Investigations of materials by X-ray diffraction in order to refine the phase composition and structure of inorganic component of the samples demonstrated that the xenogenic material (sample 1), the spongy bone of a human lower jaw (sample 2) and the calcium-phosphate material synthesized in accordance to our elaborated technique [17] (sample 3) were characterized by the structure of calcium hydroxyapatite with the different crystal structure features. The analysis of the samples showed that the bone tissue of human and bone-induced blocks obtained from a thigh bone of cattle (samples 1 and 2) involved distortions in the crystalline structure as a result of defects. Moreover, the comparison of the intensities of same diffraction peaks in width and intensity of the xenograft, bone and synthetic hydroxyapatite shows significant differences that are refer to the crystal growth, size and texture.

The results of the investigations for synthetic and natural materials by means of X-ray microanalysis technique confirmed that all of the materials studied in the work were calcium phosphates with the different ratio of Ca/P that is upper then to stoichiometric one: 1.67. The X-ray spectral microanalysis allow to define that for synthetic hydroxyapatite material this value is 1.83, that are refer to the synthesis [17]. For xenograft sample the value of Ca/P ratio is 2.1 and for native bone sample more then 2.6 what is due to the high amount of trace elements in biological sample [23]. The high content of carbon in these samples is bound with the presence in xenograft organic adding’s and in bone of protein matrix.

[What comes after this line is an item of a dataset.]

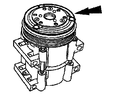 1. Place the A/C clutch field coil on the A/C compressor with the A/C clutch field coil electrical connector properly positioned.

The Fourier Transmission Infrared spectroscopy (FTIR) analysis show that the mineral part of the samples are comprised of a single crystalline phase, i.e. a carbonate-substituted calcium hydroxyapatite (CHAP) and confirmed the XRD data [3, 24]. In order to study the features in the molecular composition and to detect the differences in the organic matrix of the studied samples the IR-spectra was thoroughly investigated in the following regions 3000-2800 cm-1, 1800-1200 cm-1 and 800-500 cm-1 (Figure 1). The changes of relative intensities of vibration modes: 2956, 2919, 2850, 1452, 1416 cm-1 of CH2 vibration group, Amide I, II, III vibration bands at 1645, 1574, 1240 cm-1, groups of glycosaminoglycans (GAG) at 1740, 1521, 720, 668 cm-1, introduced in xenograft material and hydroxyapatite modes 629, 601 and 560 cm-1 shows the presence in xenograft materials as high amount of GAG, as an organic matrix of xenograft materials that is differ to those in the sample of spongy bone tissue of the human lower jaw.

 


Figure 1. Separated areas of the changes in the IR-spectra of the investigated materials.
1 – synthesized hydroxyapatite sample, 2 – bone tissue, 3 – xenogenic material, * – modes, related to glycosaminoglycan (GAG).

 

Due to the different hierarchical organization of the studied materials as well as for the purpose of detecting of the residual organic fibers in biocomposites, the study of the morphology for the samples of the groups 1, 2, 3 was performed by means of optical microscopy and scanning electron microscopy (SEM). The results of the optical microscopy (Figure 2) demonstrated that osteoplastic material differs from the spongy bone tissue in its morphological structure not only by its hierarchical structure but also by the pore sizes of the osteal matrix. However, in the osteoplastic xenogenic materials at the macrolevel there are no pores with the size of 0.25-1.50 mm, which are observed in the samples of the native bone tissue (Figure 2).

 


Figure 2. Images obtained with the use of optical microscope for morphology of the bone tissue samples (left) and osteoplastic xenogenic materials (right) under х120 magnification.

 

The microphotographs of the samples obtained by SEM are presented in Figure 3. It is seen that under a high magnification the bone tissue samples (Figure 3a) and xenogenic material (Figure 3b) show a rather similar morphology. The size of the observed pores is of 3-10 mm, thus indicating a similar microporosity of the used material on the basis of the spongy bone tissue of a cattle and human spongy bone tissue.

 


Figure 3. SEM microphotographs of morphology in the samples of bone tissue (left) and osteoplastic xenogenic materials (right) under х900 magnification.

 

Discussion

According to the known XRD data, the composition of the biological materials involves a great number of foreign ions and complexes that just prove to be the cause of distortions in the structure of the biogenic HAP with different morphological organization [25]. In this work comparison of the diffraction data shows that all investigated materials have the same distortions in the structure of the single phase – hydroxyapatite. It should be noted that the size of hydroxyapatite nanocrystals in the samples of the xenogenic material, according to the results of the calculations, is 11.1±0.6 nm, which is less than in synthesized carbonate-substituted calcium hydroxyapatite 33.0±1.5 nm or native bone 35.2±1.5 nm. That fact refers to the diffraction patterns in increasing of diffraction peaks at the same position. Also, the intensity of some diffraction peaks decrease from sample to sample because of the different crystal growth orientation. This observation corresponds to the known data on the nanocrystalline nature of a bony skeleton [11].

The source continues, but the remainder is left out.